A python package for clustering and summarizing graphs of texts.
Project description
Graph Clustering and Summarizing
Introduction
We aim to improve the quality of a multi-document summary, given the connections between the texts (via shared authors, institution, subject etc.). Our method is as follows:
- Calculate the direct distances between the texts in the graph.
- Build a new graph with two edge types:
- Blue edges: represent the original connections given.
- Red edges: represent similarity between texts.
- Cluster the multi color edged graph.
- Summarize each cluster.
- Evaluate the summarization of each cluster.
Our python package contains a full pipeline that performs the above operations (1-5), or alternatively perform specific operations individually.
Table of Contents
Installation
In a clean environment, simply type
pip install GraphClusterer
to download our python package, or alternatively clone this repository if you wish to manually tune the pipeline (recommended).
There is one difference between the usage of the package compared to the clone repository, which is a change in the .env file that is required for the repository, compared to the inclusion of the API keys needed as strings in the config.json file when using the package (see example in Quick tour).
Running example
There are two ways to run and use our project.
- using the python package (GraphClusterer)
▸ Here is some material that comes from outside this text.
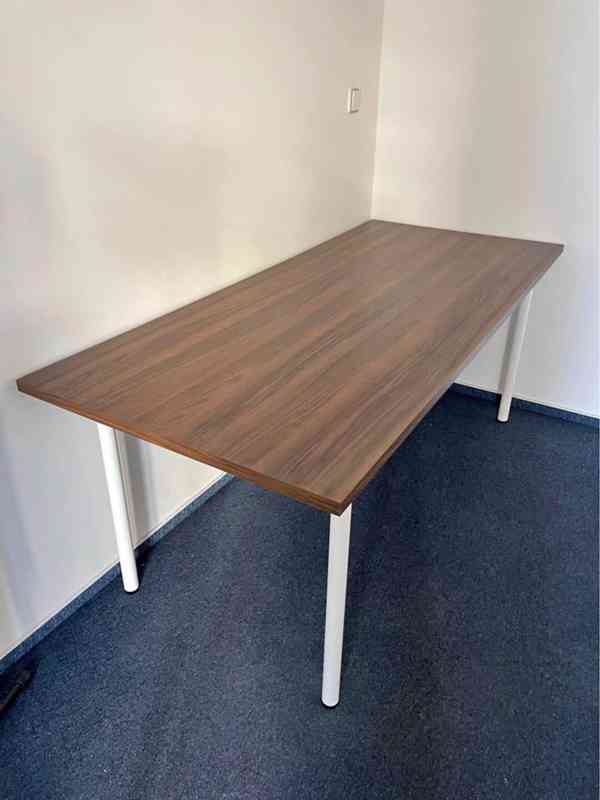 Stůl 180x80cm, na míru uříznutá pevná dřevotřísková 3cm deska + 5 nohou. (obojí z IKEA - Deska EKBACKEN, Nohy ADILS)

- using a cloned version of this repository
|-- vertices.csv
|-- edges.csv
|-- config.json
|-- distance_matrix.pkl (optional)
|-- .env (required for the second case)
`-- main.py
And after running the code, the following directories will be added:
|-- data
| `-- clusteder_graphs
| `-- name.gpickle
|
|-- Results
| |-- Summaries
| | `-- name
| | |-- title_1.txt
| | |-- ...
| | `-- title_n.txt
| |
| |-- starry
| | |-- name.csv
| | `-- name_titles.csv
| |
| |-- plots
| | `-- name.png
| |
| `-- html
| `-- name.html
|
`-- metrics.json
If distance_matrix is provided and valid (see file formats below), the following directories will be added to data after running:
data
|-- embeddings
| `-- vertices_file_name_embeddings.pkl
|
`-- kde_values
`-- name.pkl
Which cache the embedding vectors for each sentence, and the KDE values for filtering (NEED TO FULLY INTEGRATE MANUAL FILTERING INTO THE PIPELINE).
File formats
main.py
Here's an example script for the main file in the first case usage (the python package). If you intend on using the cloned repository, you can use the main.py file here.
from GraphClusterer.one_to_rule_them_all import the_almighty_function # make the main function available.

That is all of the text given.